The Court of Appeal ultimately found that those factual findings, and a consideration of the appellant’s evidence as a whole, supported the primary judge’s finding that there was no material misunderstanding by the appellant as to the nature and effect of giving a guarantee and entering into the mortgage.

Was the appellant a volunteer?

As discussed in Garcia v National Australia Bank Ltd3, a volunteer is a person who does not benefit from the loan for which they are providing the guarantee. A benefit in this sense must be direct or immediate.

At first instance, the primary judge assumed the appellant was a volunteer despite acknowledging the transaction involved the purchase by a trustee of a family trust (of which the appellant was a major creditor) of land adjacent to the family home which was to be used by the appellant and her family to access the beach.

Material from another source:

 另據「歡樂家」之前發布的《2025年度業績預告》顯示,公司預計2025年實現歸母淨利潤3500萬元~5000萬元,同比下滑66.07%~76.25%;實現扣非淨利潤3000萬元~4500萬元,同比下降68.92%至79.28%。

The Court of Appeal found that the benefit to the appellant from the transaction was not of such a direct and immediate nature to preclude the appellant from being a volunteer within the meaning of the equity identified Garcia, and the judge’s failure to make an express finding on this point did not affect the correctness of the decision.


The appellant contended she was under a special disadvantage in all of the circumstances, including that she was not informed that Camelon Pty Ltd was in default of the terms of a separate previous loan of $444,000 by failing to provide financial documentation within 180 days as required by the terms of the facility. The appellant contended this would have entitled the Bank to terminate the facility and call upon the appellant’s security.

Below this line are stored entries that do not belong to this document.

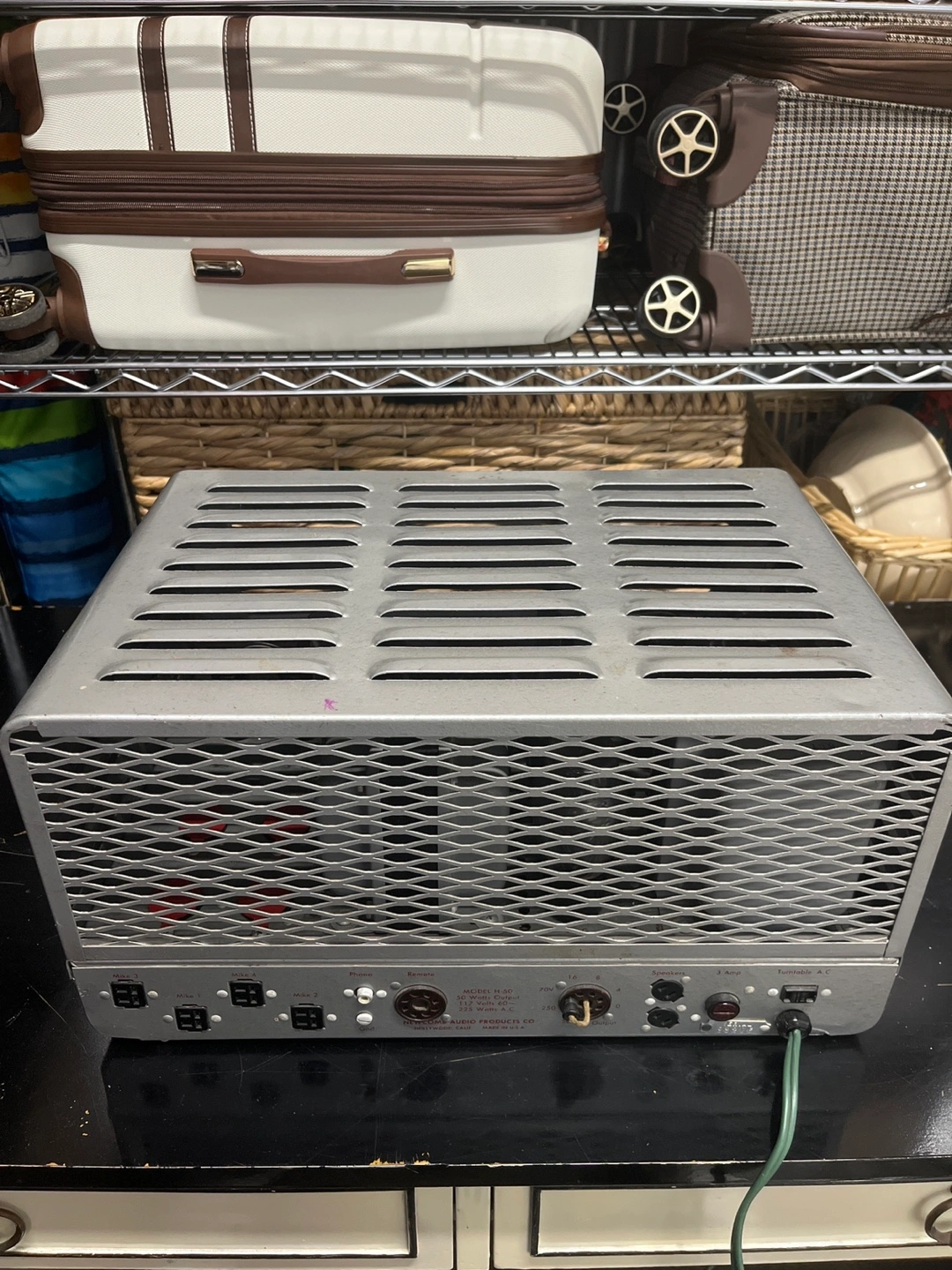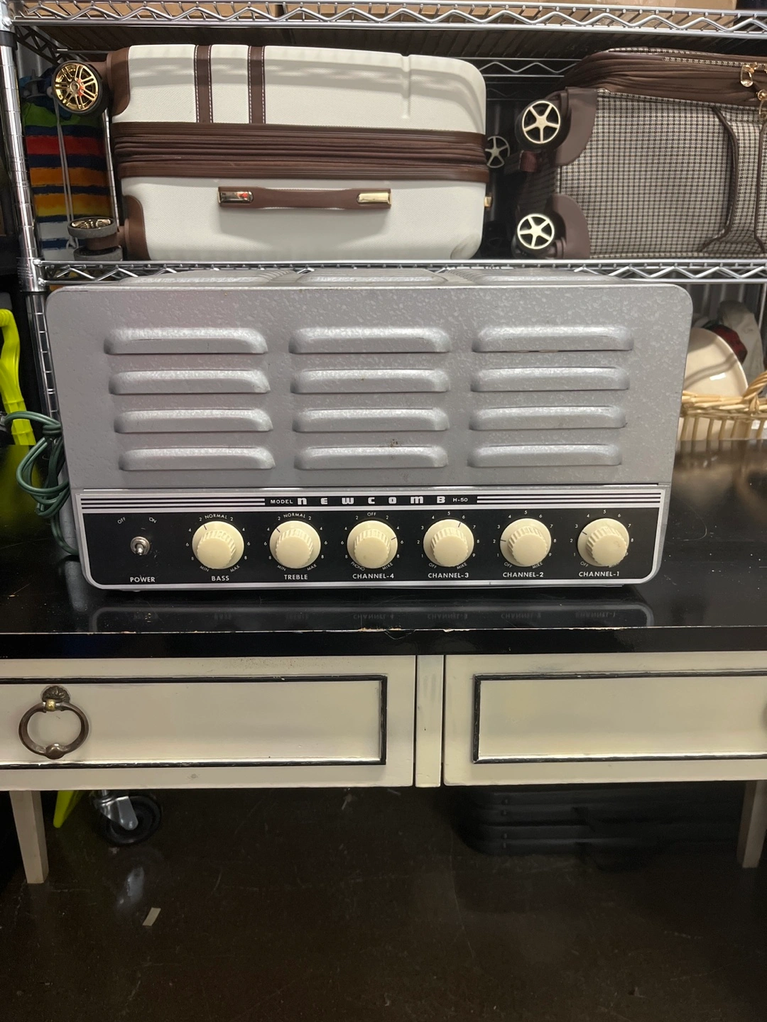 Selling a vintage Newcomb H-50 PA. Perfect for a guitar amp conversion project. It has a classic silver-grey finish and is in excellent condition for its age. Perfect for collectors or anyone looking for a unique piece of audio equipment!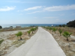 Das Hotel Kouros Palace liegt etwas mehr als 400 m vom Strand entfernt, wobei der Weg zum Strand überwiegend geteert ist und eine leichte Steigung aufweist. Liegen und Sonnenschirme können am Strand nahe dem Hotel Kouros Palace bei örtlichen Anbietern gegen eine Gebühr von den Hotelgästen genutzt werden. Ein Hotelshuttleservice hin und zurück an den Strand wird ebenfalls angeboten. Der Strand hat aber starke Wellen, die das Schwimmen erschweren. Außerdem sind im Wasser größere Steine zu finden. Rettungsschwimmer oder Umkleidekabinen fehlen direkt am Strand, dafür gibt es zumindest eine Dusche. Eine öffentliche Strandbar ist hier auch vorhanden.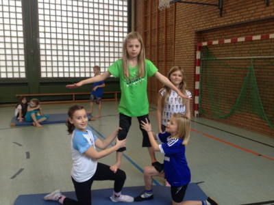 Im Sportunterricht bauen die Schüler und Schülerinnen der Klasse 3b partnerschaftlich Pyramiden.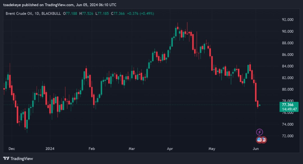 On Tuesday, oil prices dropped by over $1 per barrel due to doubts surrounding an OPEC+ move to increase supply later in the year, amid a global market grappling with weakening demand signals. Brent crude futures settled down 84 cents, or 1.07%, at $77.52 a barrel while U.S. West Texas Intermediate crude futures finished down 97 cents, or 1.31%, at $73.25. On Sunday, OPEC+ and its allies led by Russia, decided to extend the majority of their oil production cuts until 2025. However, they allowed for gradual adjustments in the form of voluntary output increases from eight members, commencing in October.

The primary judge found the breach of the facility to be a ‘technical point’, which did not place the appellant in a position of special disadvantage, ultimately the judge denied the equitable relief sought by the appellant pursuant to Amadio4 or under the Australian Securities Investments Commission Act 2001 (Cth).5

The Court of Appeal found that finding was open to the judge on the evidence available, which included:

  • The first meeting for the $773,000 loan occurred before there had been any such breach;
  • At trial the appellant abandoned her pleaded case that the Bank had failed to inform her of material financial information; and
  • There was no suggestion the appellant’s husband did not provide the up-to-date financial information to the Bank to enable a proper assessment of whether it ought to grant the facility of $773,000.

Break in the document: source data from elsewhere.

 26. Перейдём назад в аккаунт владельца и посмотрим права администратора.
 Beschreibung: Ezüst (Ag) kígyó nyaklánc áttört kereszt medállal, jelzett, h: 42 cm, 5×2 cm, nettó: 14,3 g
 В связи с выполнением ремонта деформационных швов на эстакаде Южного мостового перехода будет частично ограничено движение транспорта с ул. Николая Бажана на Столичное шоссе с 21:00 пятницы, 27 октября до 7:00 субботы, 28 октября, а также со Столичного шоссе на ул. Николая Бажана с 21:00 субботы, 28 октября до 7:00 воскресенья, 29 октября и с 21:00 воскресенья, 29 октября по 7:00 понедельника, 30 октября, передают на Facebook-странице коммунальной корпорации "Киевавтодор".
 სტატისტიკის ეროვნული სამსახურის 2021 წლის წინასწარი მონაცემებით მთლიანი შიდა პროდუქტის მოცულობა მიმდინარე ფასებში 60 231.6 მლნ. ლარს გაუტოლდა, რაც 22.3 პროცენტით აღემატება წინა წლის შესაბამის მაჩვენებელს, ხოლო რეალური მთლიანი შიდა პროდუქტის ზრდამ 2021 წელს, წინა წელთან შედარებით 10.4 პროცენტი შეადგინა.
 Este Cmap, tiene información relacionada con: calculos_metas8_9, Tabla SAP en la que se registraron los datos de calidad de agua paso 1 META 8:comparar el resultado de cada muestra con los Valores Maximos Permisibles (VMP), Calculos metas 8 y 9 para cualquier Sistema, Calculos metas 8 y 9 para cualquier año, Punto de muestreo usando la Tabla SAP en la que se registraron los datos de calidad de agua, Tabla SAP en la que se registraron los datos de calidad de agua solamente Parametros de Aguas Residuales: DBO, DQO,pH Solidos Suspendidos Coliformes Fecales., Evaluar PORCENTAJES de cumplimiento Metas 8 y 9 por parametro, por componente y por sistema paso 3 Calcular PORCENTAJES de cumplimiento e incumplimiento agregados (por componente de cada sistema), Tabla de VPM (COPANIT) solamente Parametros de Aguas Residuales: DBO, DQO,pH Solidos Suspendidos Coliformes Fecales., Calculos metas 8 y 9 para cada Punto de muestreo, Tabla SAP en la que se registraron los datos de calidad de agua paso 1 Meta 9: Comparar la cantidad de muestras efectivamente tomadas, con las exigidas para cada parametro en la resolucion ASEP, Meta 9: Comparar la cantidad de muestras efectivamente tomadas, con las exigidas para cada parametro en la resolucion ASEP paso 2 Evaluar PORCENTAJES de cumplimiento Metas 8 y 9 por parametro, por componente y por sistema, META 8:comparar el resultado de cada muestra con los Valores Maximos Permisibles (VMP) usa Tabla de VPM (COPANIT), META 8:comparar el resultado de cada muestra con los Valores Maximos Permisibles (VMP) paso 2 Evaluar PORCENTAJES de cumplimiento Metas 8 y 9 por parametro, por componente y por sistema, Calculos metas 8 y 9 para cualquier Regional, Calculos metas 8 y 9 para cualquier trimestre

The appeal was dismissed. The Court of Appeal found the Appellant was under no material misunderstanding as to the nature and effect of the transaction. The Bank had provided an adequate explanation of the nature and effect of the transaction, and no special disadvantage existed such as to support the appellant’s allegation of unconscionable conduct.


Unlike the earlier 2015 decision of Alceon Group Pty Ltd v Rose6 (Carter Newell’s analysis of that case can be found here) the appellant was deemed to have an understanding of the nature and effect of the guarantee in circumstances where she knew her properties were ‘on the line’.

The appellant in the present case was a 56 year old woman with a year 12 education, a career as a sales representative for a major corporation and had independently owned multiple properties. Arguably, she may be presumed to have a better understanding of mortgages and banking arrangements than the elderly Ms Rose in Alceon, who was 81 years old at the time she signed the guarantee, was described by the judge in that case as a ‘traditional’ wife and homemaker,7 and had only participated in mortgage agreements under the direction of her husband.

The adequacy of an explanation given to a surety by a bank is subjectively tested, having regard to all of the surrounding circumstances. It is therefore imperative that lenders (and their solicitors) are certain that any third party guarantor (particularly a ‘volunteer’) has received an adequate explanation of the purport and effect of the guarantee in a way whichthey understand. In this case, the appellant’s own understanding was that the properties were ‘on the line’ and could be sold in a ‘worst case scenario’. This was sufficient for the court to conclude that the appellant had an adequate understanding of the effect of the mortgage, and allow the Bank to rely on the guarantee.